Getting a good night sleep is extremely important for the overall health of the body and mind. It also improves the mood and helps you lose weight. People spend one third of their lives sleeping, so it is really important that you find the best sleeping position.
People sleep in the positions that they find most comfortable. However, there are some positions that can improve your overall health. Here are some of the best sleeping positions!
On your Back
By sleeping on your back, it is easier for your spine, neck and head to align and stay in a neutral position. In this sleeping position, your back isn’t forced into any contortions and it stays straight. This sleeping position also has a benefit for the face beauty. By sleeping with your face out, you reduce the risk of getting facial wrinkles.

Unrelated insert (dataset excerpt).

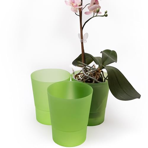 Home Garden Ornaments Orchid Pots, Flower Planter - Decorative Semi Transparent Plastic Orchid Pot with Inner Cone for Hydration, Set of 3 (Diameter: 12cm, Colour: Green)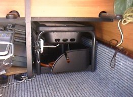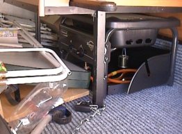Aquí tenéis unas fotos, donde se ve en el maletero ( aprovechando un hueco ) y encima de la mesa. También se aprecian las ruedas y uno de los tornillos del paravientos

This position is also great for the skin. It prevents skin breakouts and wrinkles on the face. This sleeping position also combats acid reflux. However, it is important not to place your arms up, as it adds more pressure on the shoulders. This may result in pain.
On your side
This sleeping position is best for those that have sleep apnea and those that are prone to snoring. However, avoid sleeping on your right side, because it can worsen the heartburn. Sleeping on the left side can reduce the acid reflux and can put a strain on the internal organs like stomach, lungs and liver.
If you are facing lower back pain, than these are the best sleeping positions for you.
Sleeping in this position with your knees drawn up allows the joints in the spine to open up. As a result, this sleeping position will help relieve the pain in the lower back. When you are in this position, put a body pillow or a king sized pillow between your legs. It will help you reduce tension. So, bend both of your knees and don’t curve your spine. Here are other sleeping tips to relieve lower back pain:
- Don’t sleep on a mattress that is older than eight years. Over time the materials in the mattress break down and are less supportive to your back.
- Buy or make a more supportive bed. If you can’t afford a new bed, make your own by using more plywood slats. Or you can simply place your mattress on the floor.
- If you prefer to sleep on your back, place a supportive pillow under your knees.
- If you have lower back pain, don’t sleep on your stomach. It creates an unpleasant twist in the spine, which can add even more burden on your back.
- Before going to bed, take a hot 10-minute shower. The heat will help the muscles to relax and will relieve the pain in your lower back.
The shoulder and neck pain is a common problem and finding the best sleeping position can relieve the inflammation and pressure of the muscles. Sleeping on your back is the best position to relieve neck and shoulder pain. In this sleeping position, the spine can rest comfortably without any contortions. Place a pillow under each arm to take strain off the neck. If you like to sleep on the side add a foam wedge pillow to your bed. However, make sure that the pillow is around 4-6 inches thick. If the pillow is higher than this, you run the risk of causing more pain to your neck and shoulders. Here are other sleeping tips to relieve neck and shoulder pain:
- Get a pillow that will keep your spine in the natural curve and will keep your neck supported.
- Sit comfortably on your desk and make sure that the computer is at your eye level.
- Looking down at your phone puts more pressure on the neck.
- Stretch your neck and make exercises that will strengthen the neck muscles.
- Carrying heavy bags can cause additional pain on your shoulders and neck. So, when you carry your groceries don’t overburden only one arm. Split the weight in both arms, so that you won’t cause any shoulder or neck pain.
- Drink a lot of water. By doing this you hydrate the structures that lie between the vertebrae in your neck – the disks.
If you have sciatic pain, it is best to sleep on your side. Lie on a firm and flat mattress on whatever side you find most comfortable. It is important that your head is on the same level with your spine and that your back and neck are in a straight line. So, to achieve this, place your head on one or two pillows. Also, keep your legs supported by placing one or two pillows under the knees. Sleeping in this position will reduce any nerve swelling in your back and will relieve pressure on your hips and lower back.
The best sleeping position for pregnant women is the sleeping on side position, also known as SOS. It is even better if you sleep on the left side. By doing this, you increase the amount of nutrients and blood that reach the baby. The sleeping position that pregnant women should avoid is the sleeping on the back. This position can cause problems with the breathing, the digestive system, low blood pressure, haemorrhoids, can decrease the baby’s and yours blood circulation and can cause back pain. Pregnant women should also avoid sleeping on their stomach.